= Jean Colombera =

Luxembourgish physician and politician

Jean Colombera (born 2 February 1954 in Esch-sur-Alzette) is a Luxembourgish physician and politician of the Alternative Democratic Reform Party. He was a member of the Chamber of Deputies from 1999 to 2012, representing the Nord constituency.

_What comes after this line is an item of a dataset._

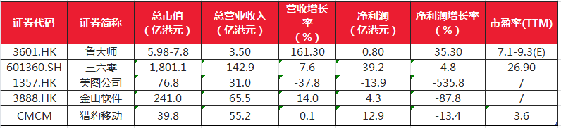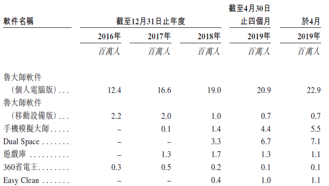 360鲁大师是中国最大的个人电脑和智能手机硬件及系统评测及监控解决方案供应商,旗下的“鲁大师”为国内硬件及系统监测的知名软件,按每月活跃用户(月活)算,鲁大师占个人电脑及移动设备的市场份额高达98.8%及58.9%。公司今年4月产品总月活约为1.25亿,其中多款软件产品月活达1.2亿,剩下游戏库拥有490万月活。
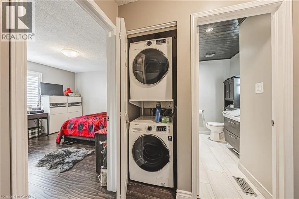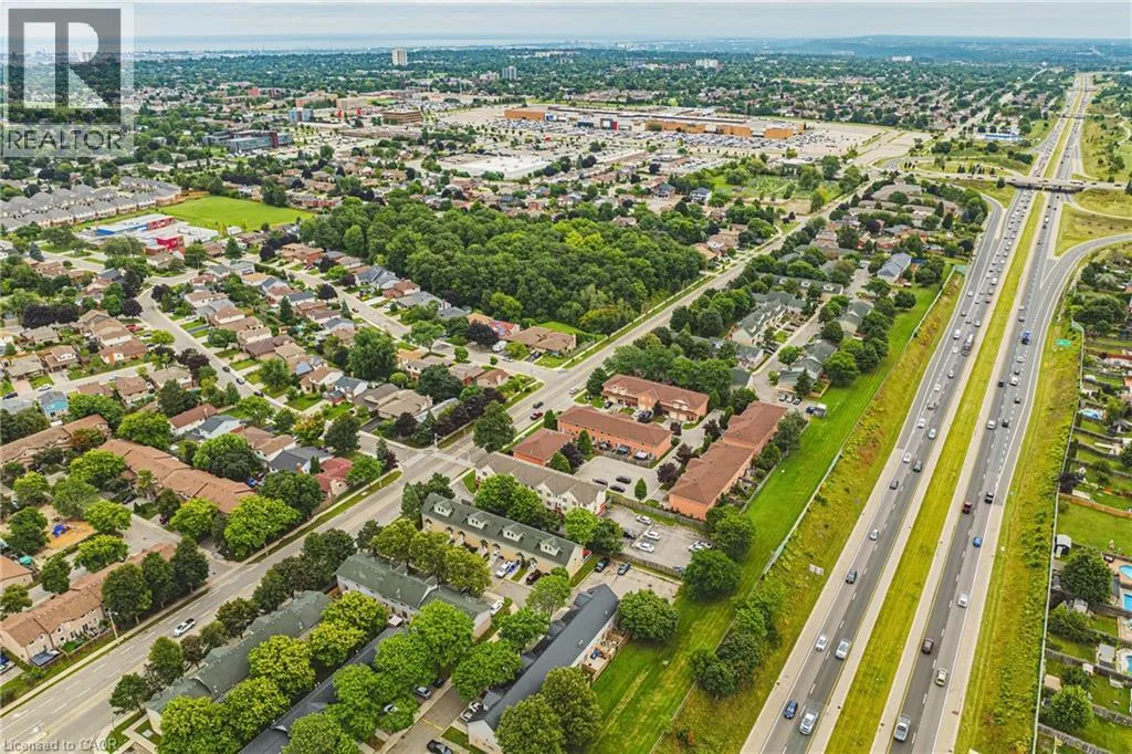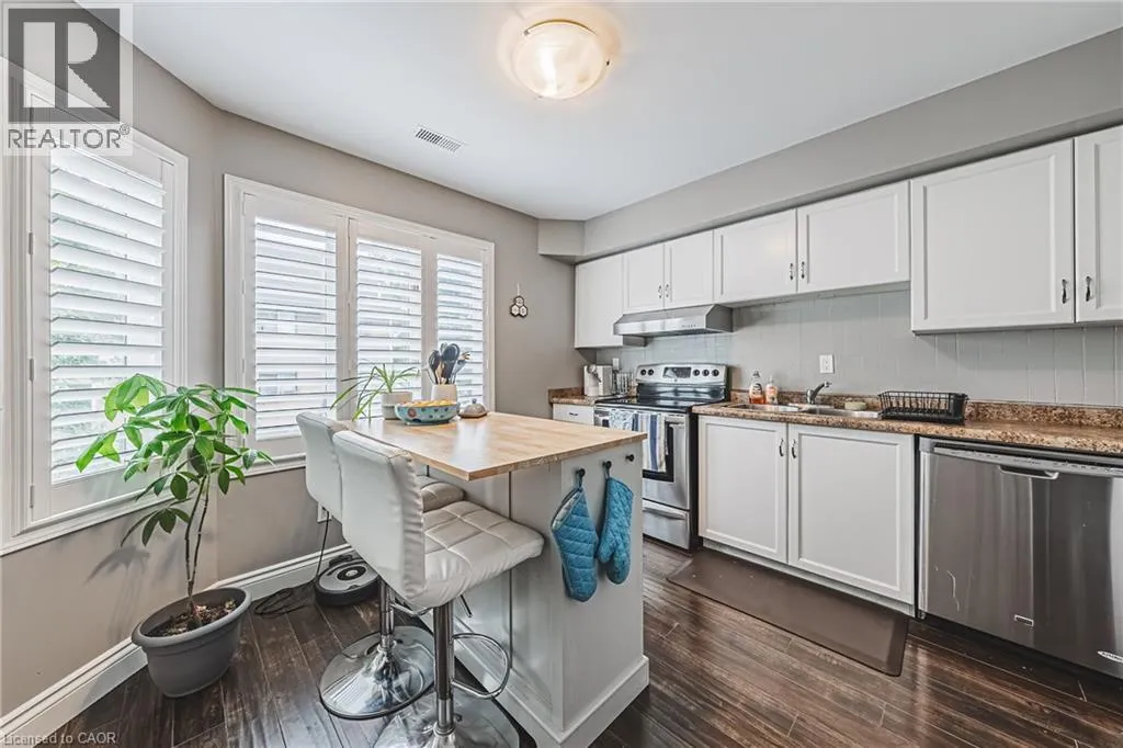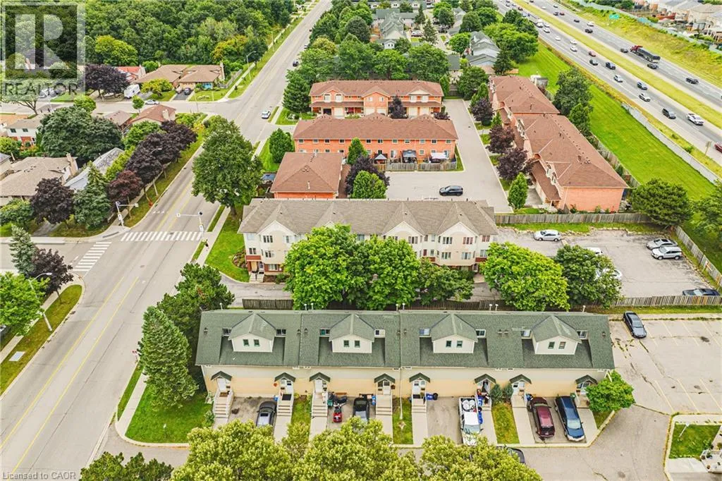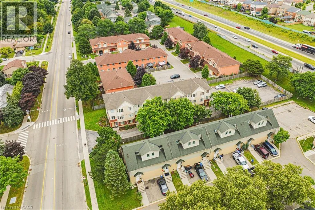 UPPER WELLINGTON Chic an Sassy!This gorgeous, beautifully maintained stacked townhome on South Hamilton Mountain â is move in ready! The open concept second floor is well appointed with beautiful white kitchen cabinetry, stainless steel appliances, a spacious living room/dining room with walkout to a large terrace and 2-piece bathroom. The primary bedroom is unique with its own balcony. The second bedroom is spacious and the perfect retreat. There is a 4-piece and washer/dryer on this level. Carpet free thru-out with rich dark flooring, recently updated Furnace, Air Conditioner and Patio Door. Just a short drive to Ancaster, Stoney Creek, Downtown Hamilton, minutes to the Linc Access, Conveniently located close to parks, trails, schools, library, and shopping. (id:27476)

Born in Esch-sur-Alzette, Colombera is an Italian Luxembourger. He was formerly an Italian citizen, but gained Luxembourgish citizenship in 1999. Originally a Green, after gaining citizenship (a condition for being a deputy), Colombera asked Jean-Pierre Koepp if the ADR had a spare slot on their list in Nord, in which his hometown of Vichten is located.

In the 1999 election, Colombera was elected, narrowly finished second (behind Koepp) on the ADR's list, with two being elected. Colombera lost his seat in 2004, as the ADR lost its second seat in Nord and Colombera once again came second, again behind Koepp. He regained his seat in the 2009 election, after Koepp retired, allowing Colombera to re-enter the Chamber despite the ADR falling to fifth place in the constituency.

Colombera is a campaigner in favour of legalising medical cannabis. He is head of the Francophone Union for Cannabinoids in Medicine (Union Francophone pour les Cannabinoïdes en Médecine). He is under investigation for prescribing cannabinoids to his patients, under Luxembourg's Narcotics Act.